Exercise goal.
Under this line is a listing; return exactly the lines starting at the one with "Figure 1: All" and running down to the one with "The Copper Basin", and leave out its pictures.

┄┄┄┄┄┄┄┄┄┄

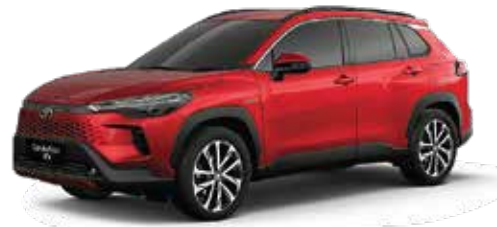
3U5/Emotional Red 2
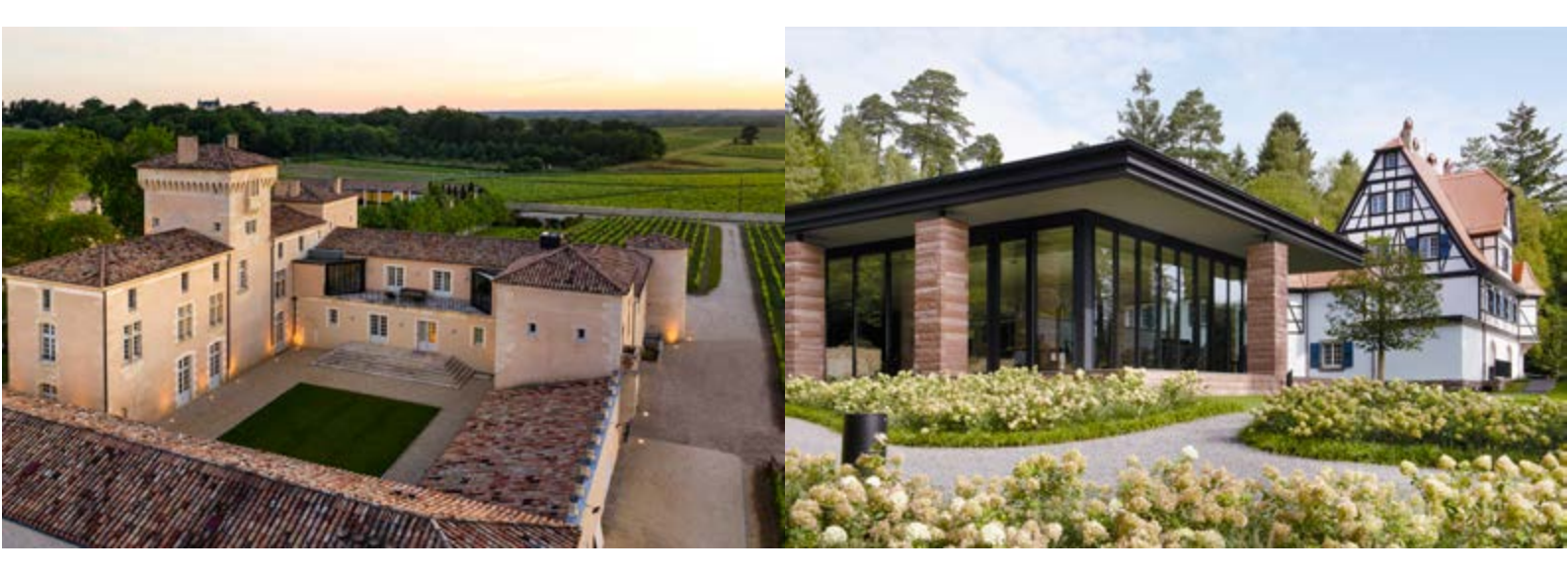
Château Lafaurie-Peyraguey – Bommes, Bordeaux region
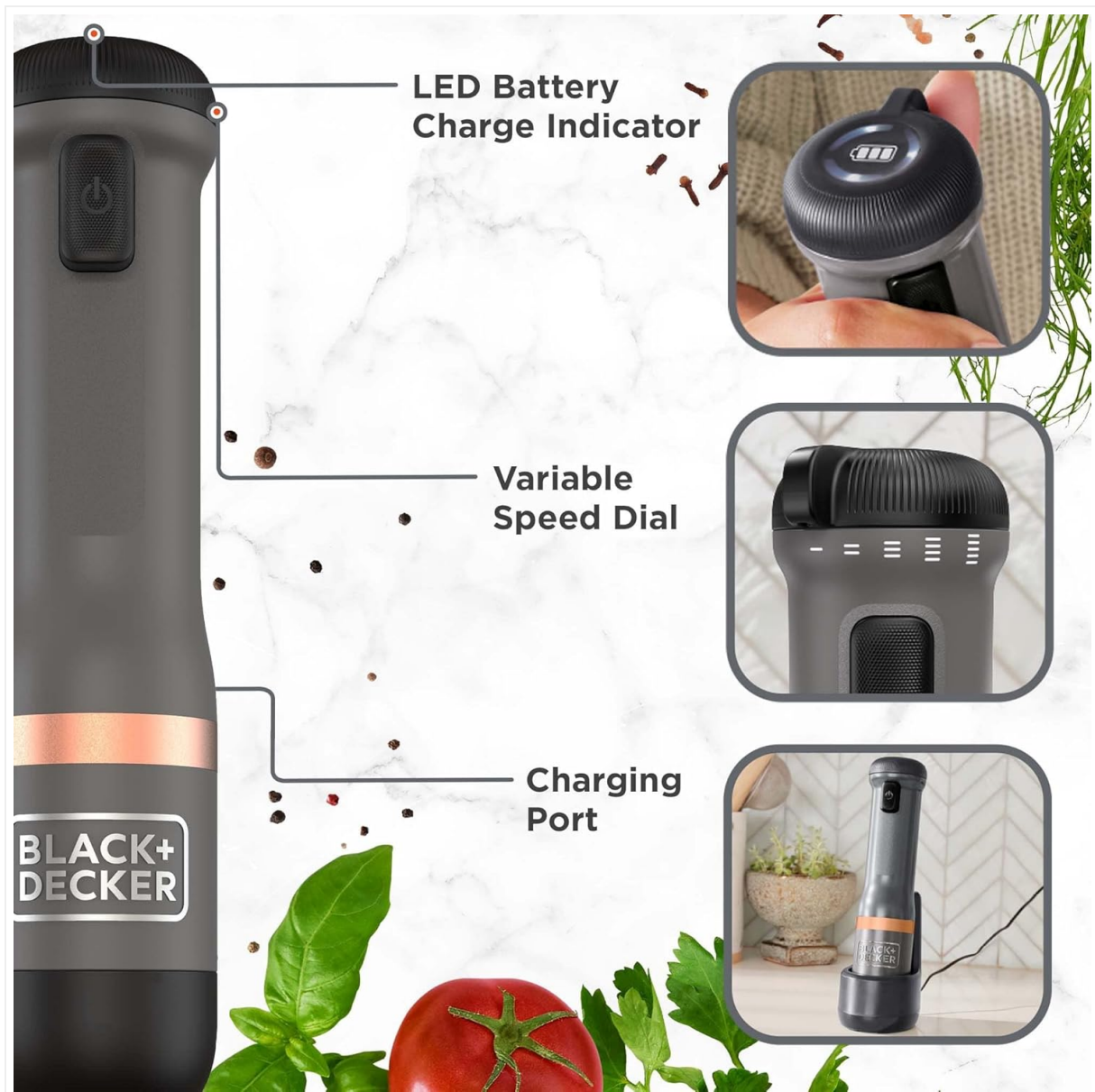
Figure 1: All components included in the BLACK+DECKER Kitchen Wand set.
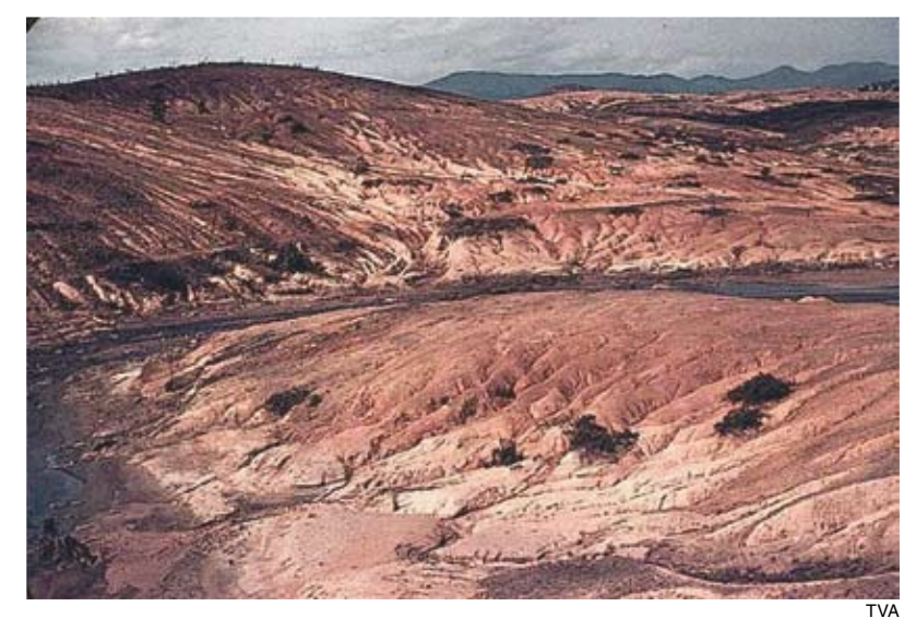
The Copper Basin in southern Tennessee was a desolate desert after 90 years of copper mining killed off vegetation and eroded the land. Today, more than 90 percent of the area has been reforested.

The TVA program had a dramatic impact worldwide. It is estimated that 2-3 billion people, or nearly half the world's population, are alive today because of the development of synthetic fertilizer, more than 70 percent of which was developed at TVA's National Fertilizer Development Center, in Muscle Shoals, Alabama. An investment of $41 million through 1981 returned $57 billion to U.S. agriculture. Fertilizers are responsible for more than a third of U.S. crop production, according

┄┄┄┄┄┄┄┄┄┄

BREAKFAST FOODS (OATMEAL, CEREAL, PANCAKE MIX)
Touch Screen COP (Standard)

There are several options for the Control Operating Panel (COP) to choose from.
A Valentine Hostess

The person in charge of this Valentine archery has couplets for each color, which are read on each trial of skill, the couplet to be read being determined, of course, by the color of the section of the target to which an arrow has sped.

┄┄┄┄┄┄┄┄┄┄

Solution to this task.
Figure 1: All components included in the BLACK+DECKER Kitchen Wand set.
The Copper Basin in southern Tennessee was a desolate desert after 90 years of copper mining killed off vegetation and eroded the land. Today, more than 90 percent of the area has been reforested.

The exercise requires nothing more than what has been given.